US Dollar Index technical analysis: watch out for the avalanche to 101.00

The US Dollar is taking a firm step back against most currencies. Gains against the South Korean Won and the Japanese Yen are softening the blow a bit, while the risk of a further jump higher for the EUR/USD pair grows. This results in the US dollar index (DXY) breaking below 102.00, printing a new monthly low.

On the upside, the 55-day Simple Moving Average (SMA) at 102.58 is acting as resistance and could limit any recovery. Should the DXY edge up further, look for the 103.00 psychological level as the next big challenge to the upside. The 100-day SMA at 103.06 will be key to reach should the DXY want to advance even more..

On the downside, the psychological level near 102.00 has been breached and is no longer in play. Once price action starts to further move away from it, expect to see risk growing for nosedive move towards 100.82. That means a challenge to this year’s low and would imply a substantial devaluation for the Greenback to come.

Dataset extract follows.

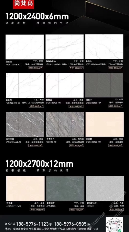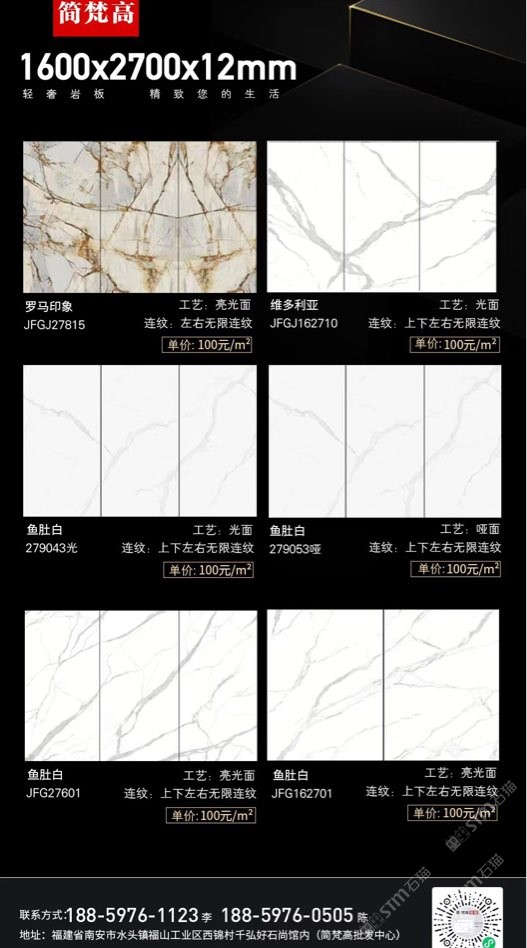 簡梵高巖板(批發(fā)) 聯(lián)系人:陳先生    188****0505 查看 手機(jī)號碼:無 主營范圍: 大板批發(fā)、環(huán)境石材、人造石加工、 企業(yè)地址:福建南安水頭鎮(zhèn)福山工業(yè)西錦村千弘好石尚館內(nèi)(批發(fā)中心)

How is US Dollar correlated with US stock markets?

Stock markets in the US are likely to turn bearish if the Federal Reserve goes into a tightening cycle to battle rising inflation. Higher interest rates will ramp up the cost of borrowing and weigh on business investment. In that scenario, investors are likely to refrain from taking on high-risk, high-return positions. As a result of risk aversion and tight monetary policy, the US Dollar Index (DXY) should rise while the broad S&P 500 Index declines, revealing an inverse correlation,

During times of monetary loosening via lower interest rates and quantitative easing to ramp up economic activity, investors are likely to bet on assets that are expected to deliver higher returns, such as shares of technology companies. The Nasdaq Composite is a technology-heavy index and it is expected to outperform other major equity indexes in such a period. On the other hand, the US Dollar Index should turn bearish due to the rising supply money and the weakening safe-haven demand.